| Task instructions |
What is needed is a word-for-word copy of the lines below from the one with "同色系着装出镜的于谦选择了带" through the one with "對新添加的客戶錄入客戶信息資", both included, with every picture left out.

| Provided data |
--------
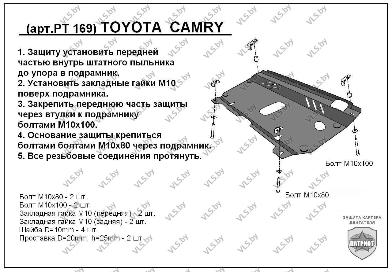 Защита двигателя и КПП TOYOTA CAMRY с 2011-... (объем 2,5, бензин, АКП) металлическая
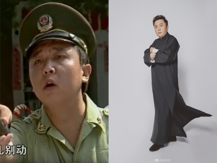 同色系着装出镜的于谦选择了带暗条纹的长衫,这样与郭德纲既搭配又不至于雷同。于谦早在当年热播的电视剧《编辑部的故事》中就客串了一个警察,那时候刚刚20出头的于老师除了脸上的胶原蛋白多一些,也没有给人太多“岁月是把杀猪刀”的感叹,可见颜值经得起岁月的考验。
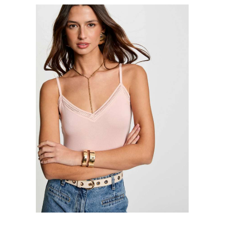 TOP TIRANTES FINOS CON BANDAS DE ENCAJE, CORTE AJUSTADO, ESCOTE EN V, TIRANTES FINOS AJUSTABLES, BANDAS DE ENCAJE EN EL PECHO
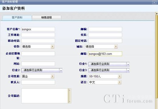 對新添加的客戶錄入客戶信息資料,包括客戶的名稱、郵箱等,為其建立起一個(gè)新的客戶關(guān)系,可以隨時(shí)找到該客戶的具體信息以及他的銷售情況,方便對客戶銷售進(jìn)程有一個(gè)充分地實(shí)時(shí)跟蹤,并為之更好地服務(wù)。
--------
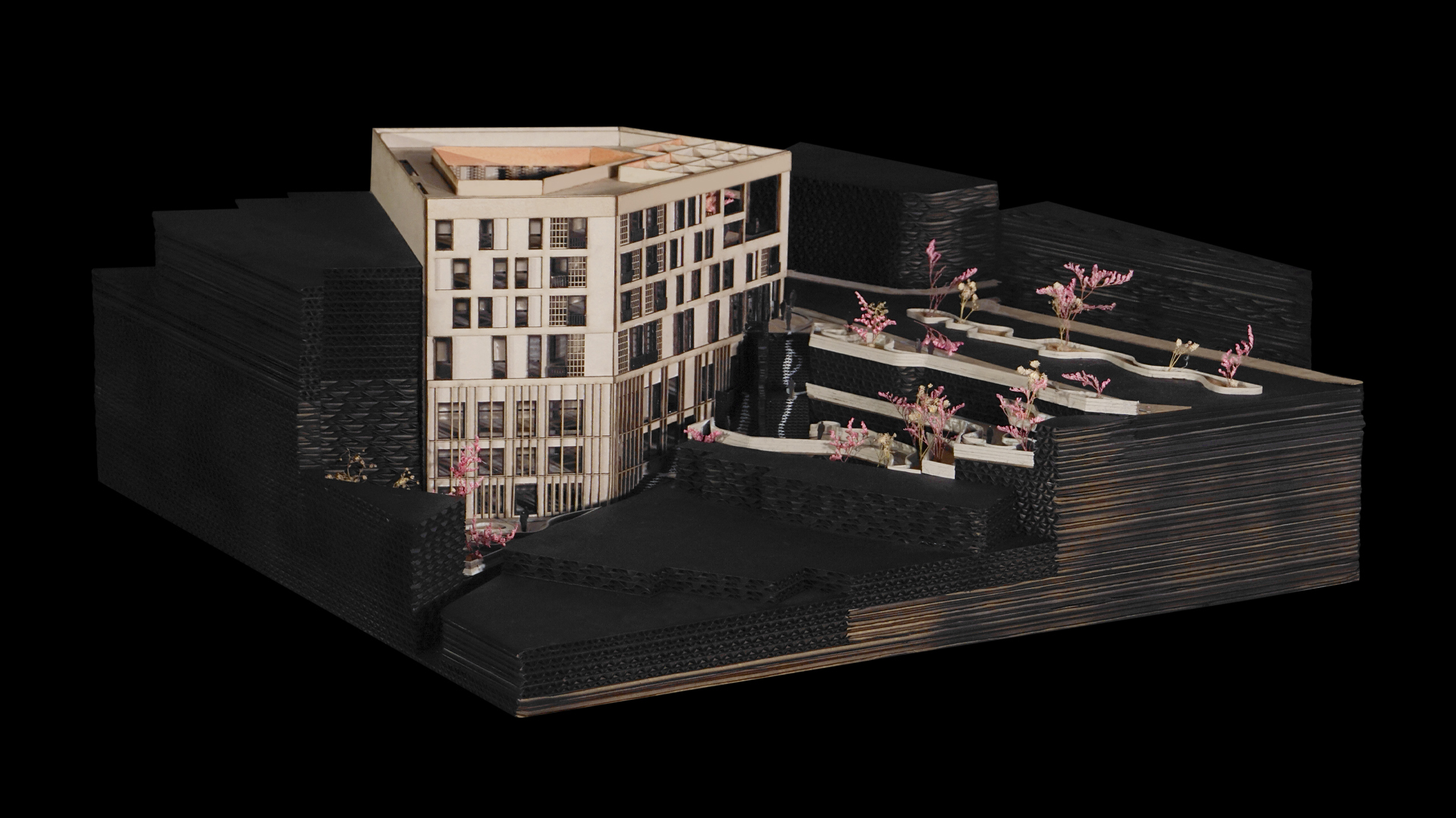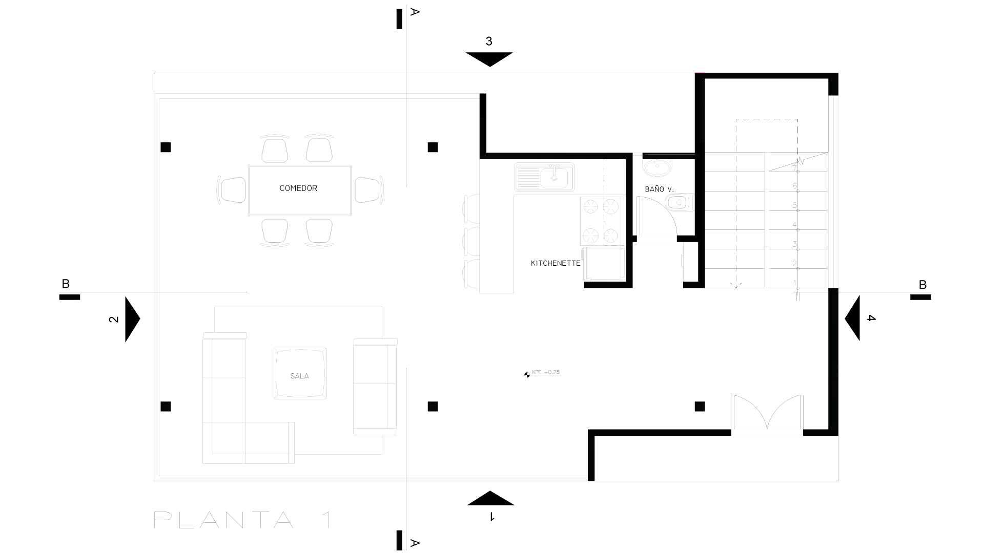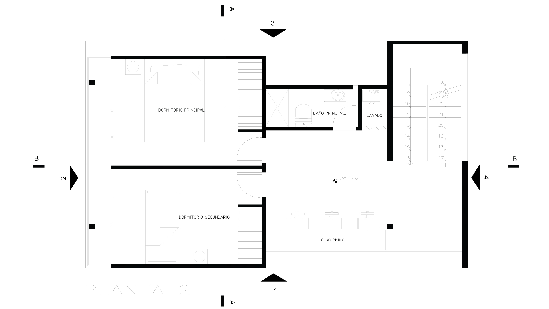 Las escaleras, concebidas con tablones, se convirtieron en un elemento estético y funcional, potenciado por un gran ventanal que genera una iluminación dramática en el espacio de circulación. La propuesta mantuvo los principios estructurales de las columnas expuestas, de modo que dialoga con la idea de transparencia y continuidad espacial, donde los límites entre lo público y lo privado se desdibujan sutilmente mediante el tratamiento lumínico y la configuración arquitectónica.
--------
| Result of this task |
 同色系着装出镜的于谦选择了带暗条纹的长衫,这样与郭德纲既搭配又不至于雷同。于谦早在当年热播的电视剧《编辑部的故事》中就客串了一个警察,那时候刚刚20出头的于老师除了脸上的胶原蛋白多一些,也没有给人太多“岁月是把杀猪刀”的感叹,可见颜值经得起岁月的考验。
 TOP TIRANTES FINOS CON BANDAS DE ENCAJE, CORTE AJUSTADO, ESCOTE EN V, TIRANTES FINOS AJUSTABLES, BANDAS DE ENCAJE EN EL PECHO
 對新添加的客戶錄入客戶信息資料,包括客戶的名稱、郵箱等,為其建立起一個(gè)新的客戶關(guān)系,可以隨時(shí)找到該客戶的具體信息以及他的銷售情況,方便對客戶銷售進(jìn)程有一個(gè)充分地實(shí)時(shí)跟蹤,并為之更好地服務(wù)。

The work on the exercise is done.